两人一前一后走在狭窄小路上,雪不知何时下了起来,但不是很大。
宿安估算了一下,现在应该在半山腰的位置,再走最多一个小时就能到达山脚。
也不知道阿泽出事了没有,宿安满心忧愁。
宿安越走越觉得不对劲,太安静了,周围除了雪落与风声,就只剩下树叶哗哗声。
“江菁,”宿安说,“你没有地图,怎么记得住这条路?”
“我以前登山什么的都会记一遍地图,好应对突发情况。”
“白少衡如果打完电话回来没发现你怎么办?你不给他发个消息吗?”
此话一出,江菁沉默了两秒,然后拿出手机:“对,我得给他发个消息。谢谢你啊,我都忘了。”
宿安一把擒住她的手腕,厉声道:“你这么一个事无遗漏的人,怎么会忘记这件事?”
“宿安瞧你这话说的,”江菁笑道,“人总有犯错忘事的时候啊。”
宿安松开她,身体紧绷,看着江菁发出一条消息,然后眼睛微微睁大,随即疑惑道:“咦,怎么没有信号?山里信号好差啊。”
“先下山吧。”宿安感到一阵心悸。
宿安越走越觉得不对劲,越走树就越少,越没有遮挡物。
他停下脚步,江菁回头看他:“怎么了?哪里不舒服吗?”
“江菁,你就这么放心我?就不怕我对你动手?”
“你不是那样的人吧?”江菁回答,“不然也不能当江元昭那么多年的好友啊。”
“江菁,我问你个问题。”
“你说。”
“如果我死在这,你会怎么想?”
江菁也有些紧绷,道:“你说这么丧气的话干嘛?”
“我只是突然想到,你被江家收养的时候也是这么一个雪天。”
江菁皱眉,宿安继续说:“如果当时你没被江家收养的话,会不会像卖火柴的小女孩一样,死在雪夜,然后在第二天早晨被人们发现?”
“可能吧,”江菁硬邦邦地说,“你怎么突然说这个?”
“因为我可能要死了,所以不由自主地想到多年前你可能死去的那个冬天。”
“宿安你在说什么?”江菁眉头皱的更重。
“但我不想死,”宿安自顾自的说,“所以只能委屈一下你了。”
与此同时宿安猛然伸出手朝江菁抓去,两人距离很近,这几乎是百分百命中了。
但宿安没想到的是,江菁迅速抬手按下手指上的戒指,随即一枚毒针射了出来。
宿安一惊,及时避开,再次抬眼时周围已经围了一圈人。
江菁退到白少衡身边,朝宿安笑了一下:“不好意思了宿安。
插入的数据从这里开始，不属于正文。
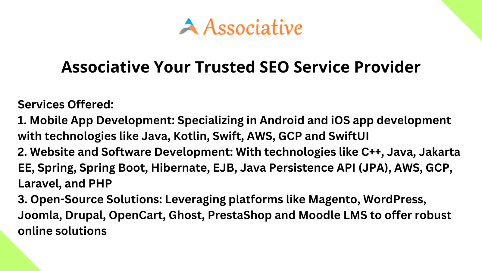 Ready to enhance your online presence and achieve digital success through effective SEO strategies? Contact Associative today. Located in Pune, Maharashtra, we are dedicated to helping businesses succeed in the digital realm.

”
宿安看着那个白衣男人,开口道:“我很好奇,我当时察看车内的时候你在哪?”
“座椅下。”白少衡看着他,眼神不善,“虽然你发现的很晚,但我还是想问,你是怎么发现并确定的?”
“直觉罢了。”
“阿泽呢?”“这和你没关系。”
白少衡抬手,周围的手下立刻上前,有枪的则举起了枪。
“江菁,”宿安双手握拳,“我相信元昭当初让江董收养你的时候,是希望你善良向上的。”
“你在说什么?”江菁叫了起来,“我被收养和她没关系!”
“你不知道吗?如果不是元昭注意到你,并开口请求江董,你根本就不会进入江家。”
“不要听他乱说!”白少衡抓着江菁的肩膀,“不要被他蛊惑!”
“什么叫乱说?什么叫蛊惑?”宿安冷笑,“江菁,元昭是江董除夫人外最疼爱的人。她从出生起就拥有江氏集团的20%股份,是集团的公主,是江家的掌上明珠,是被所有人众星捧月千娇万宠着的,也是注定的唯一的继承人。
你觉得像江董这样从芜城杀出来堪比北董的存在,会随随便便收养一个女孩吗?”
江菁身体发抖:“但是……但是她为什么要这样做?对她而言又没有好处。”
“因为她很善良。”
白少衡从刚才起就在阻止宿安说话,但宿安还是语速极快地说完了。他又转而去安慰江菁:“保持清醒江菁!不要因为这些事受到影响!事情都已经过去了,再怎么想也没用了!”
江菁回过神来,无意识攥紧的拳头松开:“是,事情都已经过去了,再想也没用了。宿安,你别想蛊惑我让我心软求少衡放了你。”
“……”
宿安见计划失败,不由心脏一沉。
“动手。”
随着白少衡两个字的落下,手下立刻扑了上来。
宿安咬着牙,决定再拼一把,大不了再进躺医院。
怎料他刚动手,就听见白少衡声音扭曲大喊道:“撤!”
空地上的人瞬间没了大半,宿安懵逼地四处看,看到了侧方戴着熟悉标识的一群人。